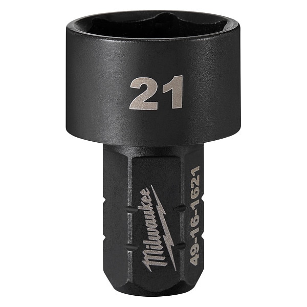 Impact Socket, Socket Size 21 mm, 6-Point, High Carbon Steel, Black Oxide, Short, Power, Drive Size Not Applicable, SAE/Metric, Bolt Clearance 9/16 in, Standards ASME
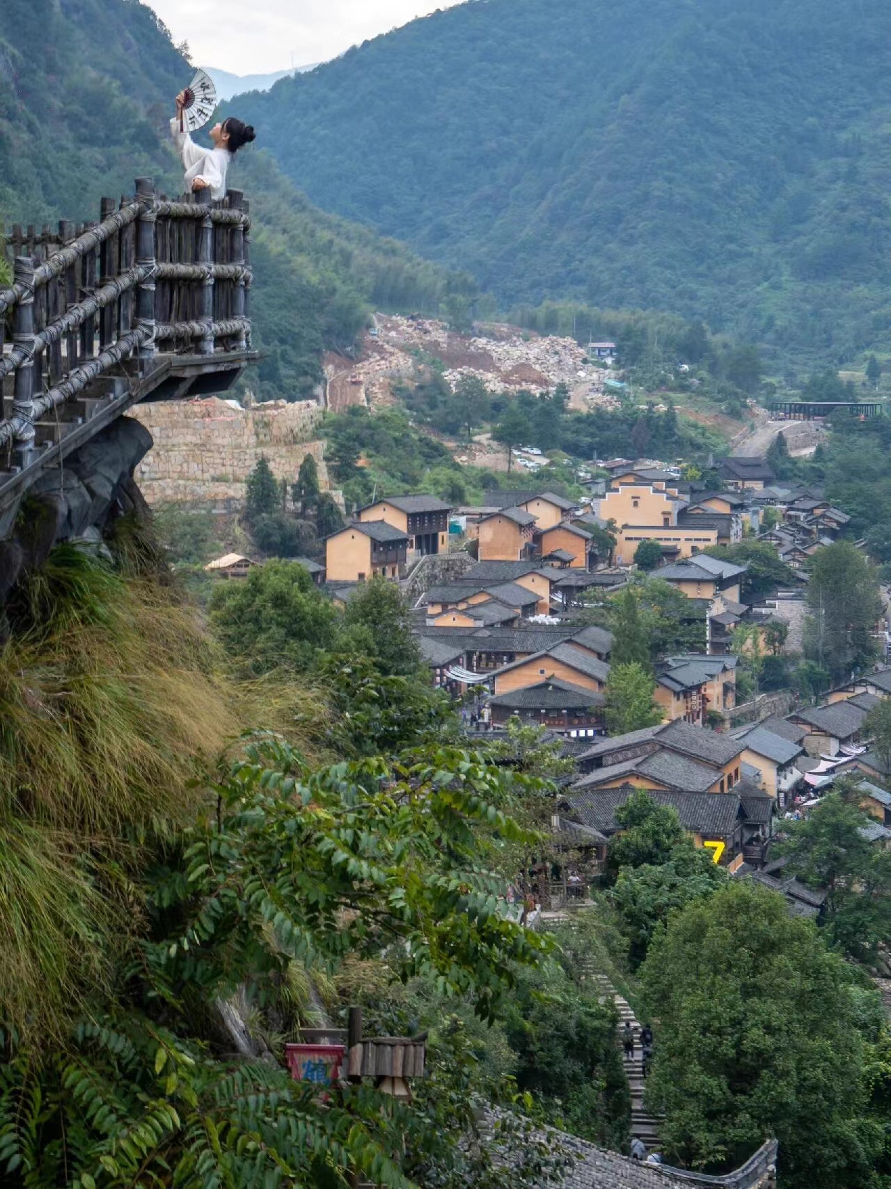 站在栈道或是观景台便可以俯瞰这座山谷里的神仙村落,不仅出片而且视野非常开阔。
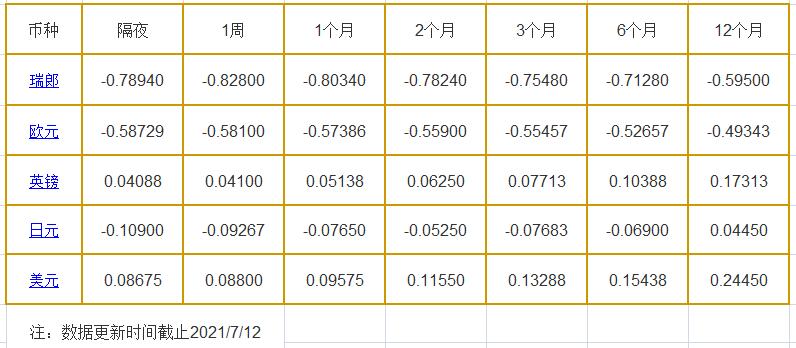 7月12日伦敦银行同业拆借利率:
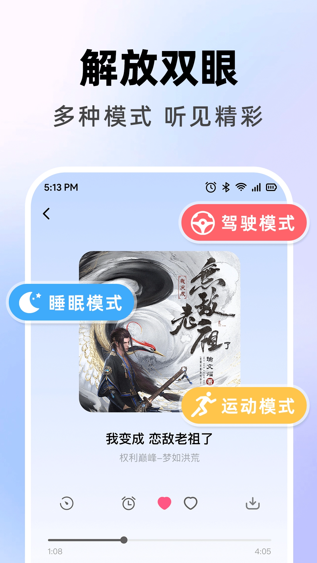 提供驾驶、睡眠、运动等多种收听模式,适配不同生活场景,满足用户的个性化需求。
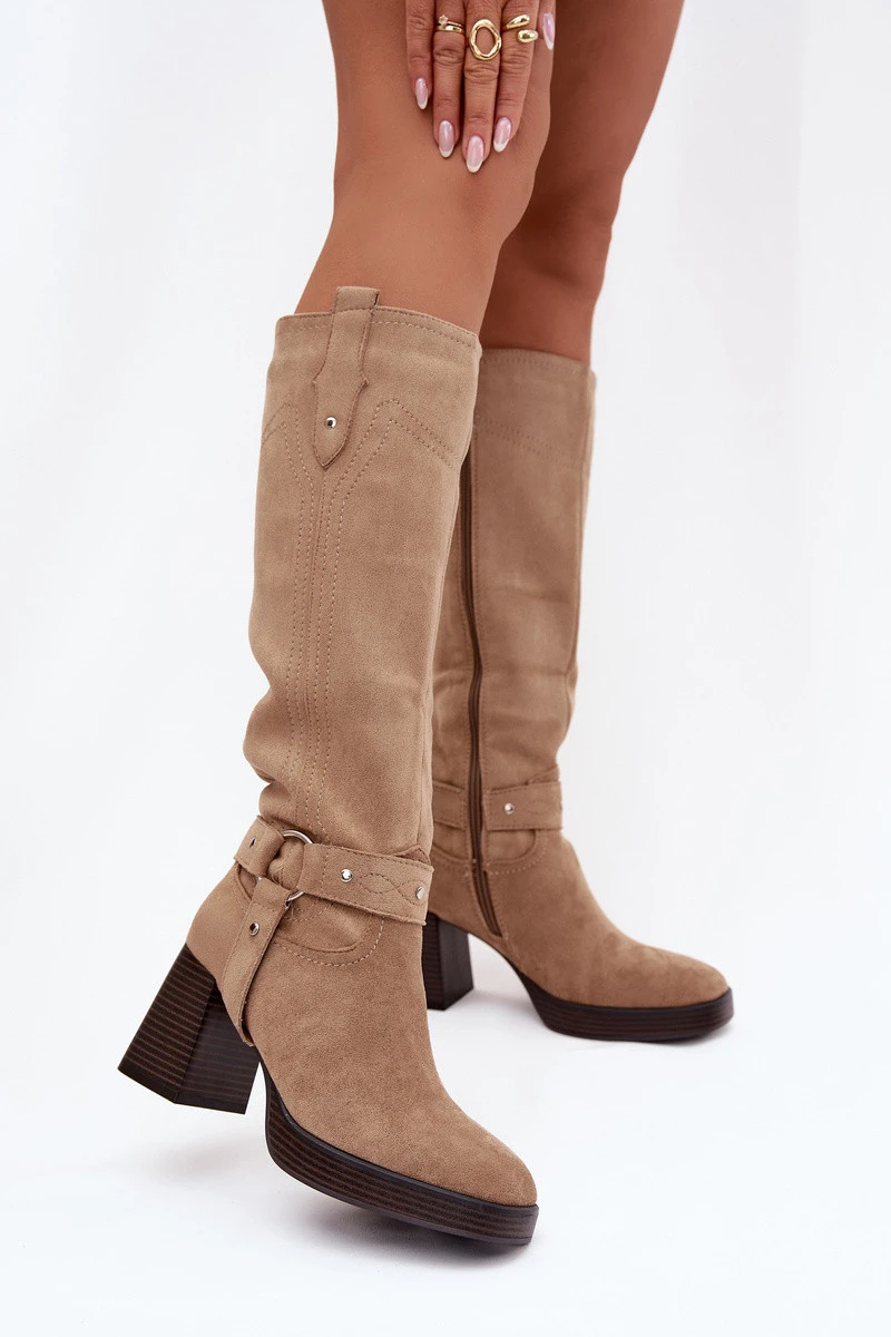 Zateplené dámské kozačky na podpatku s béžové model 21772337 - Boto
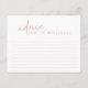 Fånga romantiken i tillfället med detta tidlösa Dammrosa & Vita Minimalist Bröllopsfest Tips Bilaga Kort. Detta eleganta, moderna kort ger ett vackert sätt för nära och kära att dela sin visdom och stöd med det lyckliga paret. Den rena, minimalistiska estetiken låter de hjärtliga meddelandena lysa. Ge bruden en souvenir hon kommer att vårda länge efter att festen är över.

==*==

Print nothing but the lines above starting with the line that contains "提供驾驶、睡眠、运动等多种收听模式,适配不同生活场景,满足用户的个性化需求。" and going on through the line that contains "Zateplené dámské kozačky". Leave out the pictures.

--- Finished exercise ---
 提供驾驶、睡眠、运动等多种收听模式,适配不同生活场景,满足用户的个性化需求。
 Zateplené dámské kozačky na podpatku s béžové model 21772337 - Boto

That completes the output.